ISBN-13: 9780316242905



Summary
Four simultaneous plane crashes. Three child survivors. A religious fanatic who insists the three are harbingers of the apocalypse. What if he's right?

The world is stunned when four commuter planes crash within hours of each other on different continents. Facing global panic, officials are under pressure to find the causes. With terrorist attacks and environmental factors ruled out, there doesn't appear to be a correlation between the crashes, except that in three of the four air disasters a child survivor is found in the wreckage.

Dubbed "The Three" by the international press, the children all exhibit disturbing behavioural problems, presumably caused by the horror they lived through and the unrelenting press attention. This attention becomes more than just intrusive when a rapture cult led by a charismatic evangelical minister insists that the survivors are three of the four harbingers of the apocalypse. The Three are forced to go into hiding, but as the children's behaviour becomes increasingly disturbing, even their guardians begin to question their miraculous survival. (From the publisher.)


Author Bio
Sarah Lotz is a screenwriter and novelist with a fondness for the macabre and fake names. Among other things, she writes urban horror novels under the name S.L. Grey with author Louis Greenberg; a YA pulp-fiction zombie series, Deadlands, with her daughter, Savannah, under the pseudonym Lily Herne; and quirky erotica novels with authors Helen Moffett and Paige Nick under the name Helena S. Paige.

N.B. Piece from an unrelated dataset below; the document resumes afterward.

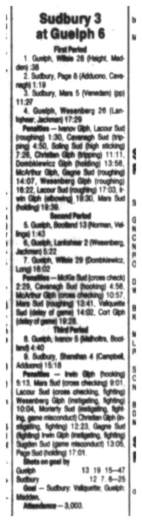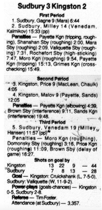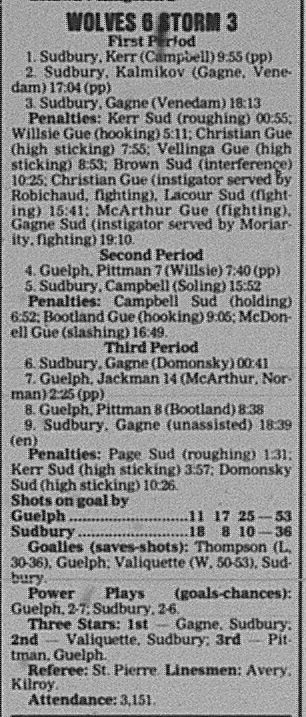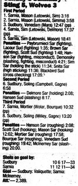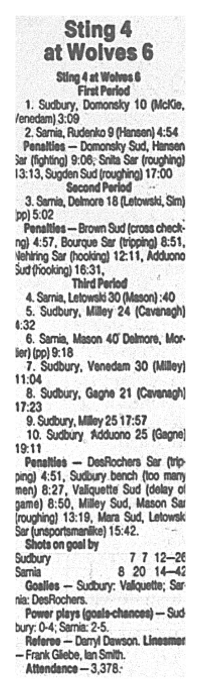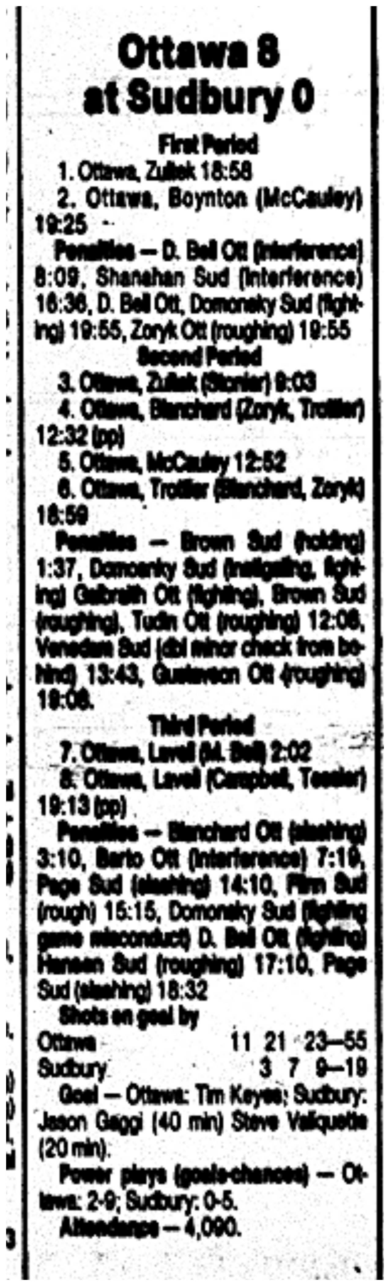 September 27 1996- North Bay @ Sudbury (10-4 Sudbury)
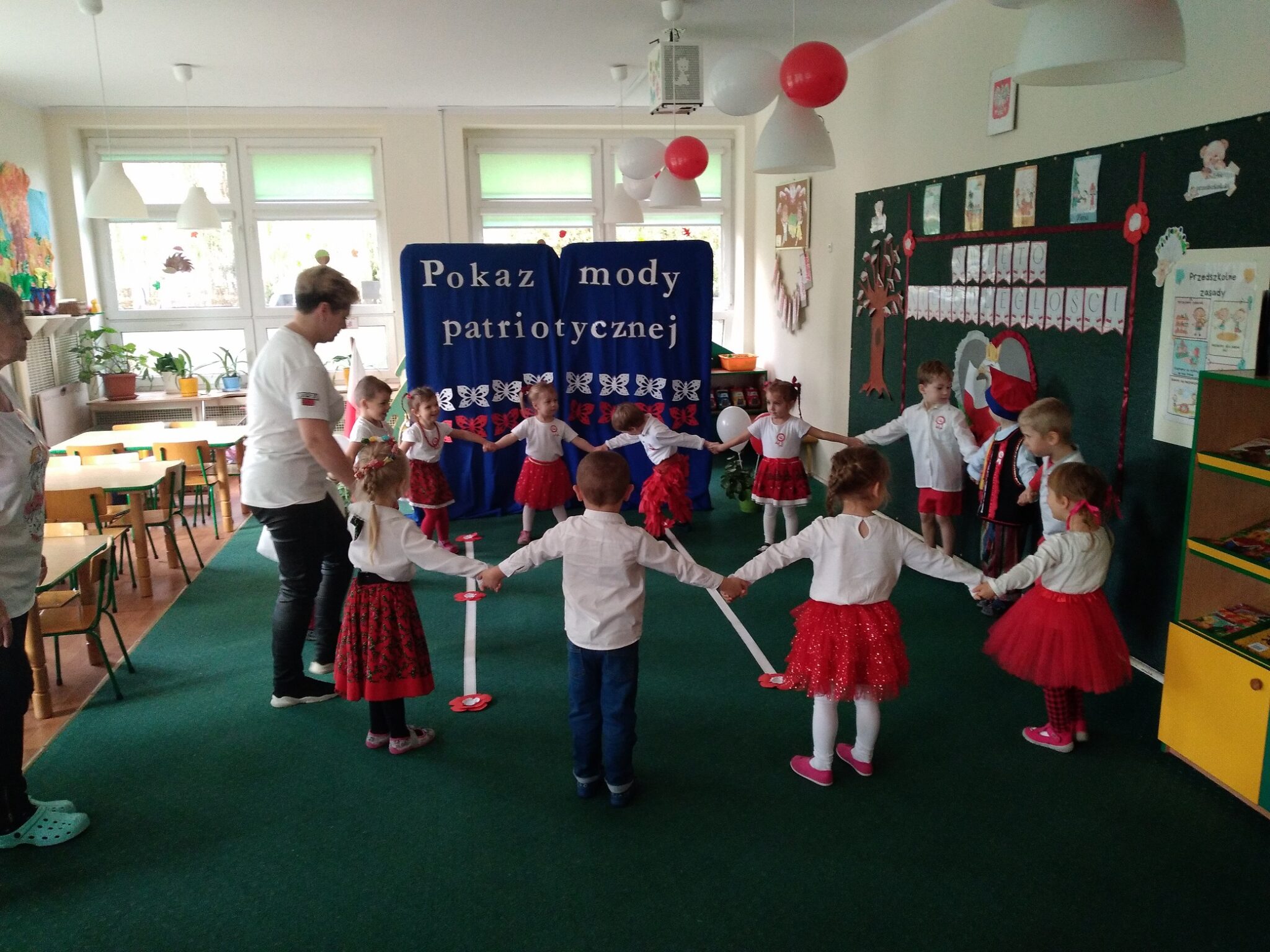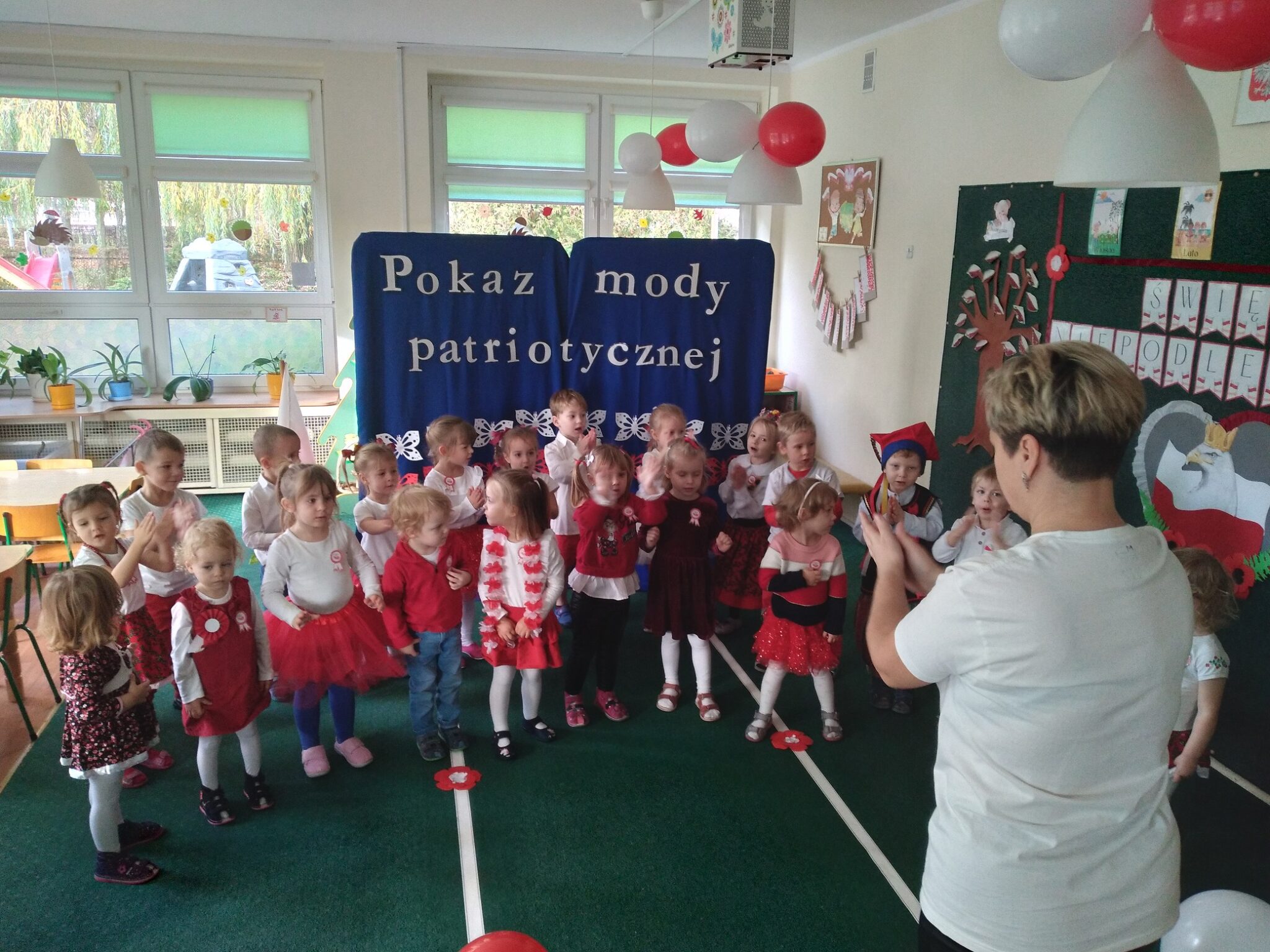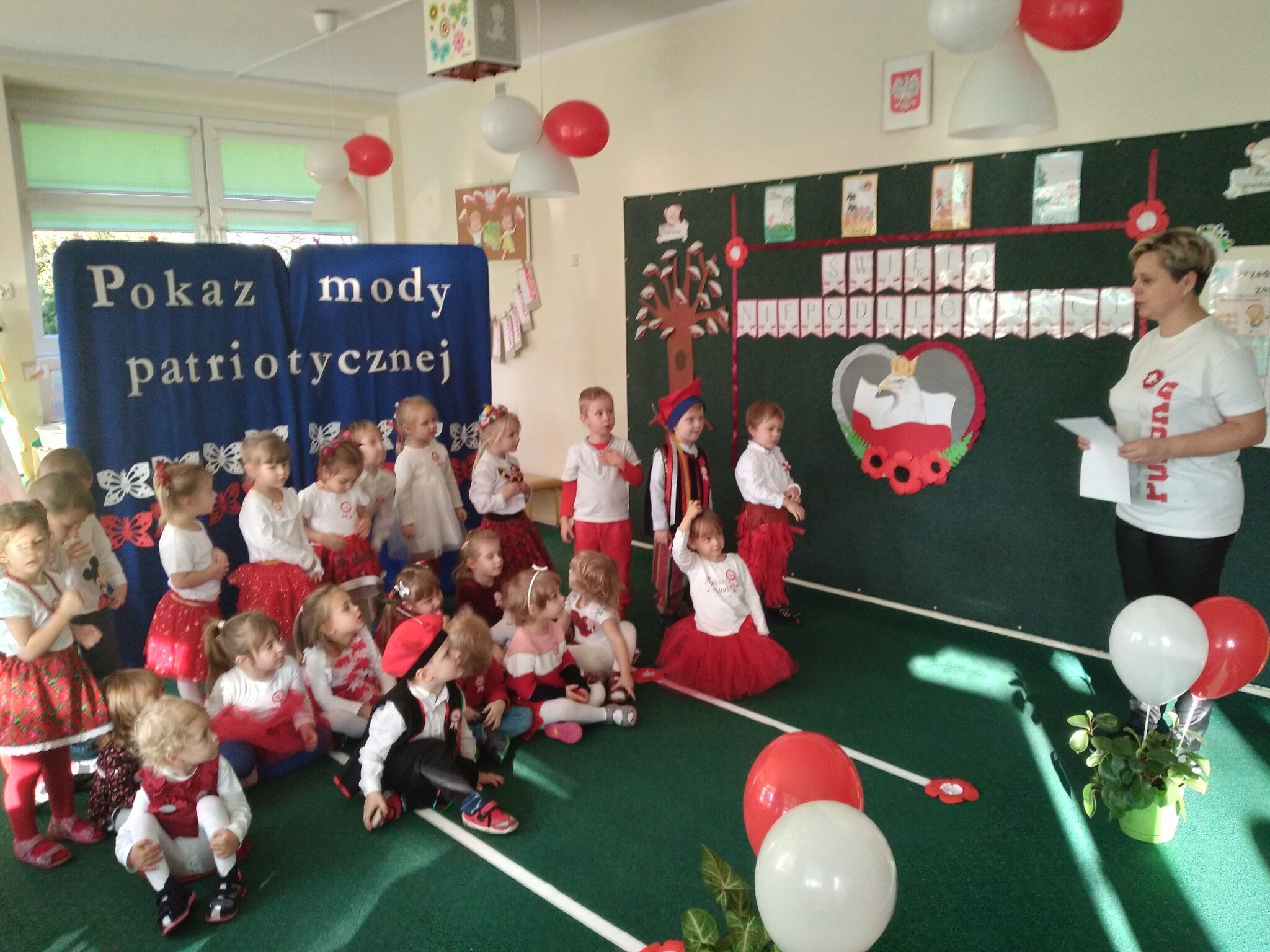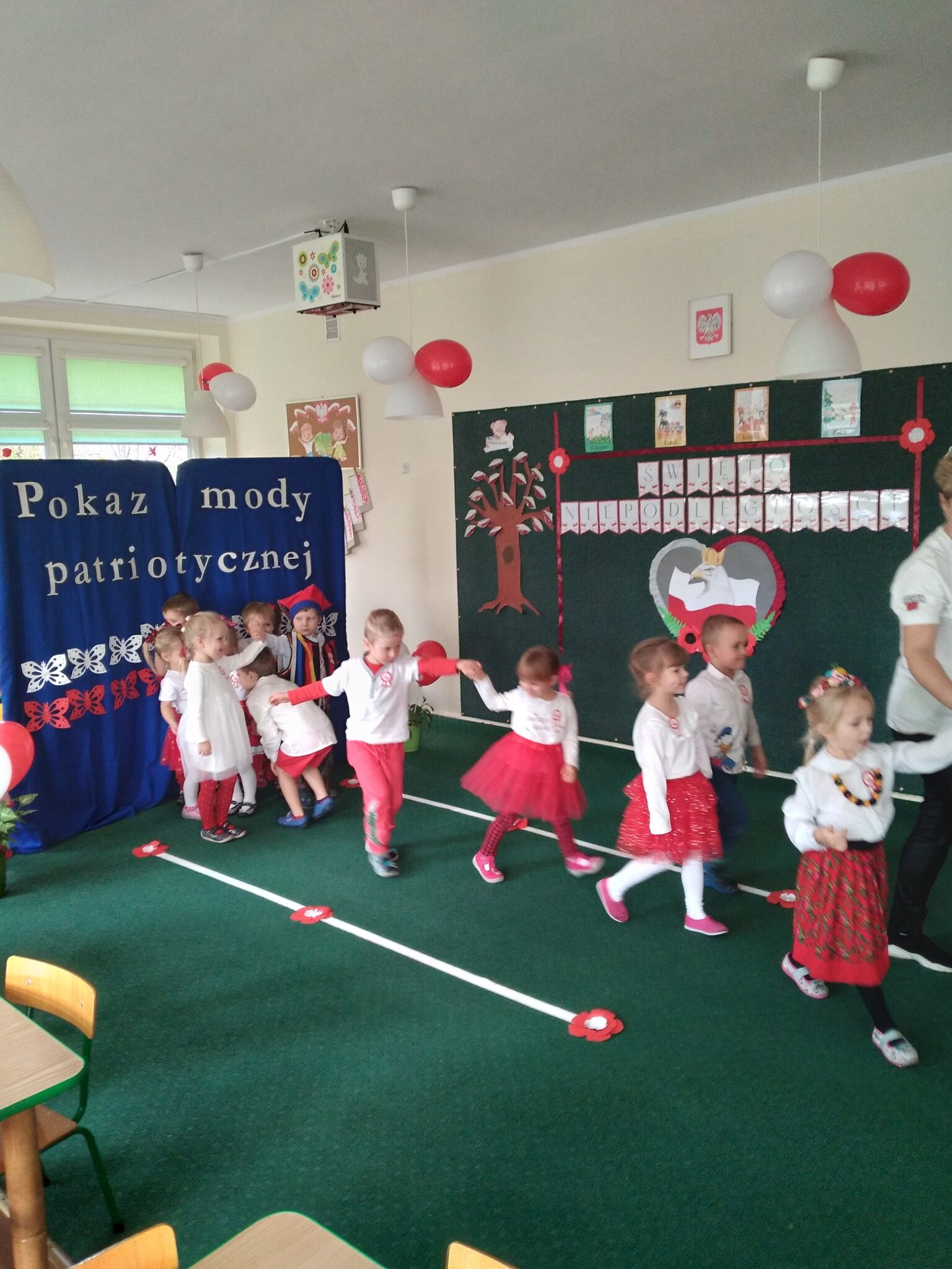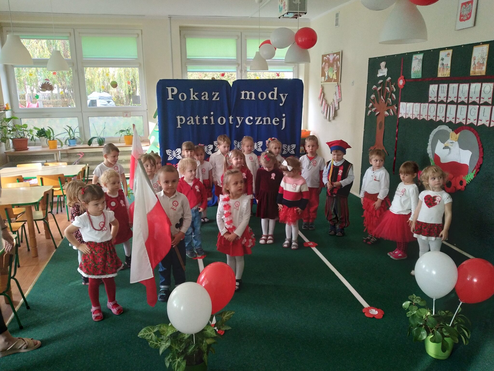 Punktem kulminacyjnym obchodów był pokaz strojów patriotycznych. W ten dzień przedszkolna sala zamieniła się w wybieg, a przedszkolaki w modelki i modeli, którzy przy dźwiękach muzyki, prezentowali swe piękne stroje. Wśród strojów dominowały stroje ludowe i w barwach narodowych.

Her latest solo novel, The Three, was published in 2014. She lives in Cape Town with her family and other animals. (From the author's website.)


Book Reviews
A spellbinding tale of science fiction, religious fervor and media madness that makes us wonder who, exactly, are the monsters.
Washington Post


[The story] involves dozens of characters, many of them peripheral to the central storyline, and the result reads like a faulty mash-up: plenty of bits and pieces (often well rendered by Lotz), but they don’t coalesce into a real narrative with the kind of momentum or urgency that the premise calls for.
Publishers Weekly


(Starred review.) Lotz is an excellent storyteller, and she favors subtle innuendo over big shocks. Her unsettling tale builds to a crescendo that will have readers leaving the lights on long after they finish the book. Recommended for fans of sf and apocalyptic thrillers by authors such as Justin Cronin and Stephen King. —Amy Hoseth, Colorado State Univ. Lib., Fort Collins
Library Journal


[F]ascinating and deeply creepy novel.... [Lotz] spins a tail of disaster and fanaticism that is both entertaining and scarily realistic. The Three is the real deal: gripping, unpredictable and utterly satisfying.
BookPage


Lone survivors from different plane crashes spark apocalyptic fears.... [An] eclectic style of storytelling provides just enough information to follow the developing events, while the reader grasps for the crucial information that will solve the mystery of the enigmatic children. An engaging thriller with clues that will keep you guessing.